(Work request) Whenever a picture appears, leave it out while repeating all the other data exactly.

(Data extracted from a collection)
▼
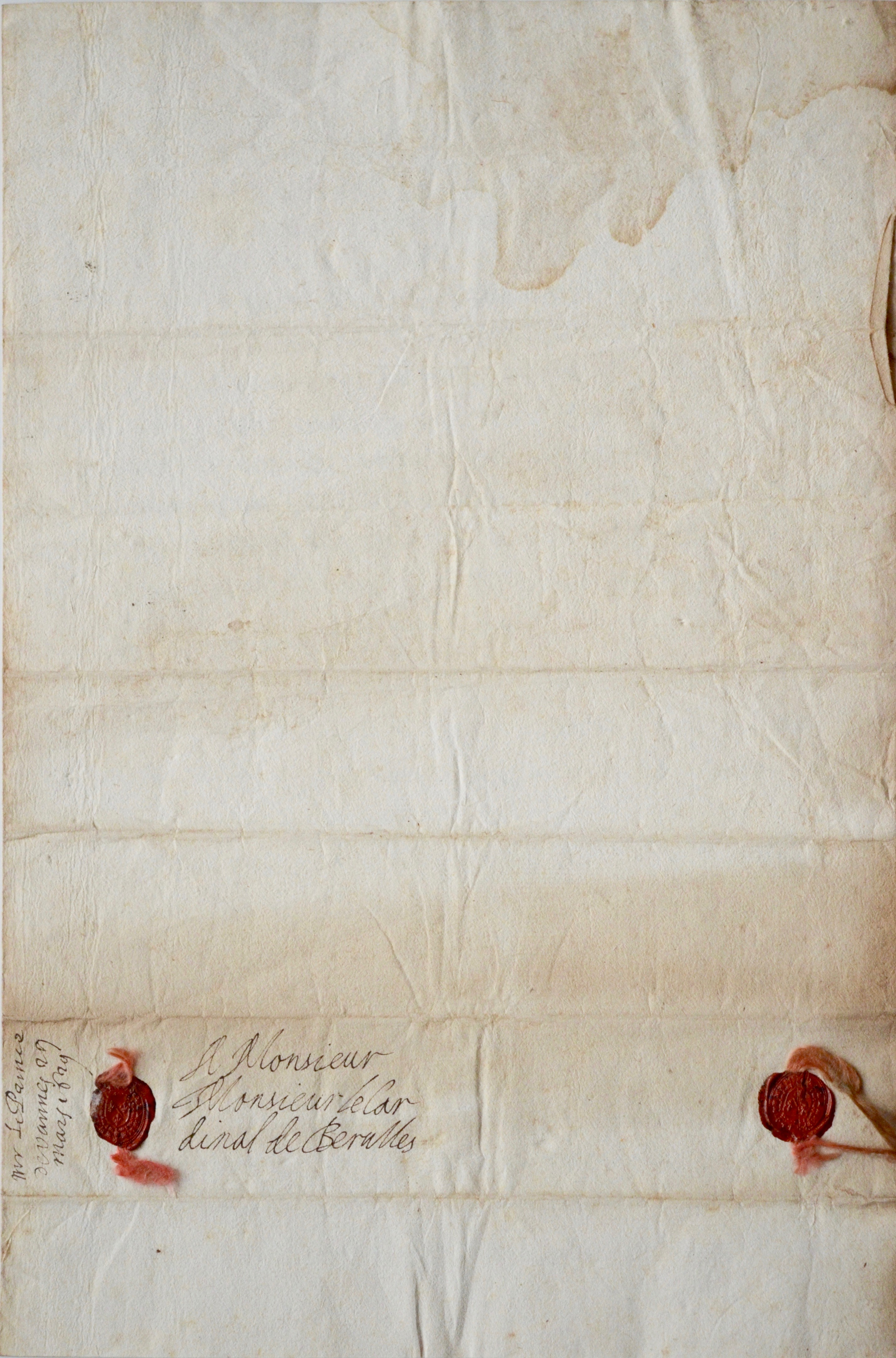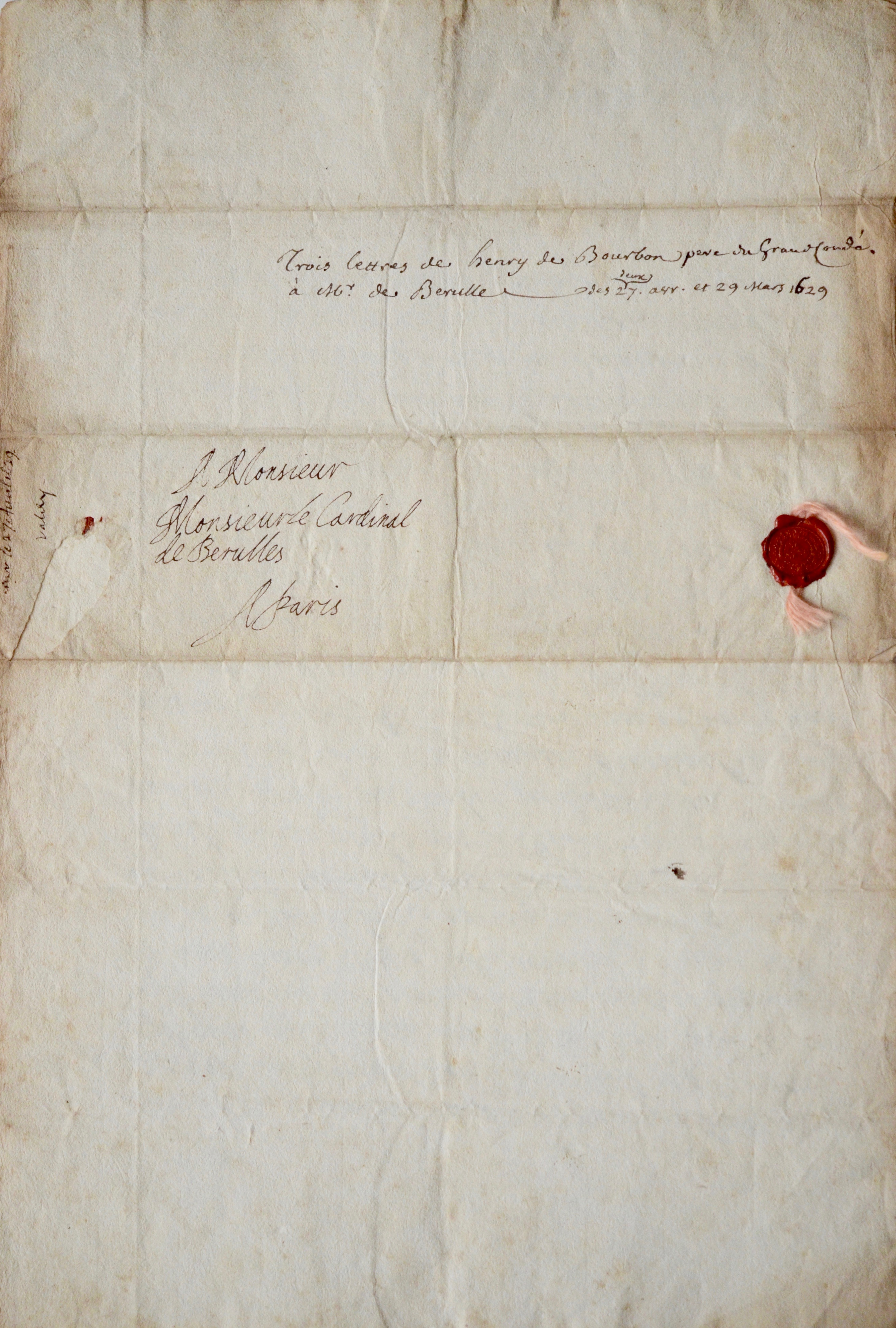 Pierre de Berulles (1575-1629) fut ordonné cardinal en 1627. Il était également chef du Conseil de la Reine Mère, Marie de Médicis. Il mourut six mois après avoir reçu ces lettres, pendant la célébration d'une messe.
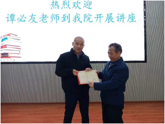 安顺学院人文学院副院长李云根为谭必友教授颁发聘书
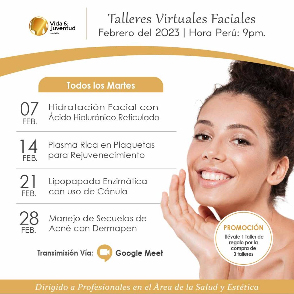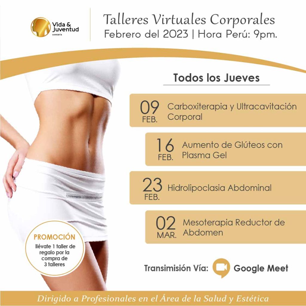 Programación de talleres virtuales faciales y corporales con práctica demostrativa. Dirigido a Profesionales en Estética y Área de la Salud.
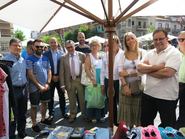 L’alcalde de Lleida, Àngel Ros, acompanyat del President de l’Associació de Comerciants de la Zona Alta, Miquel Ballesté, el tinent d’alcalde i regidor de Promoció Econòmica, Rafael Peris, la tinenta d’alcalde i regidora de Cultura, Montse Parra, i el regidor d’Esports, Txema Alonso, han donat avui el tret de sortida del Mercat de les Rebaixes d’Estiu de la Zona Alta, que enguany arriba a la vuitena edició.
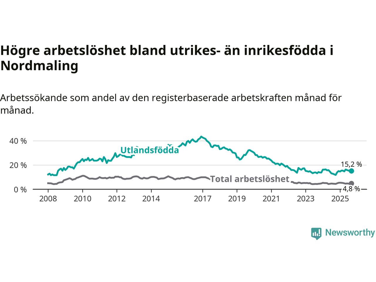 Skillnaden i arbetslöshet mellan utrikesfödda och hela befolkningen är 10,4 procentenheter i Nordmaling. Det är en betydligt större skillnad än för ett år sedan (+2,6 procentenheter).
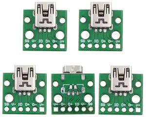 Vszerda 5pcs USB2.0 Mini-B Female Receptacle Socket Connector DIY OEM Horizontal with PCB Board Mounting Assembly Solder Type 480Mbps
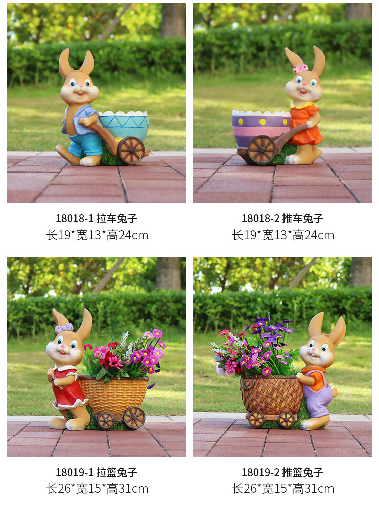 만화 토끼 화분 조각품 야외 정원 경관 정원 안뜰 유치원 유리섬유 창의적인 바닥 장식품스토어 가기
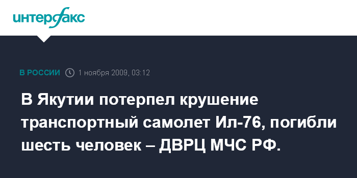 Хабаровск. 1 ноября. ИНТЕРФАКС-ДАЛЬНИЙ ВОСТОК - Транспортный самолет Ил-76 потерпел крушение в районе города Мирный (Якутия) в ночь на воскресенье, погибли шесть человек.
▲
(Response area)
 Pierre de Berulles (1575-1629) fut ordonné cardinal en 1627. Il était également chef du Conseil de la Reine Mère, Marie de Médicis. Il mourut six mois après avoir reçu ces lettres, pendant la célébration d'une messe.
 安顺学院人文学院副院长李云根为谭必友教授颁发聘书
 Programación de talleres virtuales faciales y corporales con práctica demostrativa. Dirigido a Profesionales en Estética y Área de la Salud.
 L’alcalde de Lleida, Àngel Ros, acompanyat del President de l’Associació de Comerciants de la Zona Alta, Miquel Ballesté, el tinent d’alcalde i regidor de Promoció Econòmica, Rafael Peris, la tinenta d’alcalde i regidora de Cultura, Montse Parra, i el regidor d’Esports, Txema Alonso, han donat avui el tret de sortida del Mercat de les Rebaixes d’Estiu de la Zona Alta, que enguany arriba a la vuitena edició.
 Skillnaden i arbetslöshet mellan utrikesfödda och hela befolkningen är 10,4 procentenheter i Nordmaling. Det är en betydligt större skillnad än för ett år sedan (+2,6 procentenheter).
 Vszerda 5pcs USB2.0 Mini-B Female Receptacle Socket Connector DIY OEM Horizontal with PCB Board Mounting Assembly Solder Type 480Mbps
 만화 토끼 화분 조각품 야외 정원 경관 정원 안뜰 유치원 유리섬유 창의적인 바닥 장식품스토어 가기
 Хабаровск. 1 ноября. ИНТЕРФАКС-ДАЛЬНИЙ ВОСТОК - Транспортный самолет Ил-76 потерпел крушение в районе города Мирный (Якутия) в ночь на воскресенье, погибли шесть человек.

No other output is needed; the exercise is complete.